## Work task:
Only the lines below, from the one with "24 小时体征监测,异常主动告警,让长者睡得安心,照护更省心" through the one with "青龙偃月刀:累计签到七天可领取", are to be written out, exactly.

## Task data:

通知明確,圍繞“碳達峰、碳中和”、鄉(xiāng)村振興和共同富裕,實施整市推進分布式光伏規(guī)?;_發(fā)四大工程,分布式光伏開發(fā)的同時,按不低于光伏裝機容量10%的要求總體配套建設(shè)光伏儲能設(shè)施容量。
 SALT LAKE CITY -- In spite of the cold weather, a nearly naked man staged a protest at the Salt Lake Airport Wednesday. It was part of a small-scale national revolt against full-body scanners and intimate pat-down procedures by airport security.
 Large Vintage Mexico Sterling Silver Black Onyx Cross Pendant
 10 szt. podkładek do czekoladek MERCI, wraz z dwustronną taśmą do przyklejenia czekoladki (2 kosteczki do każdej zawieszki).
...
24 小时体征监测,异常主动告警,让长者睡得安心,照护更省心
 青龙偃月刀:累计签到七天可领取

## Response:
24 小时体征监测,异常主动告警,让长者睡得安心,照护更省心
 青龙偃月刀:累计签到七天可领取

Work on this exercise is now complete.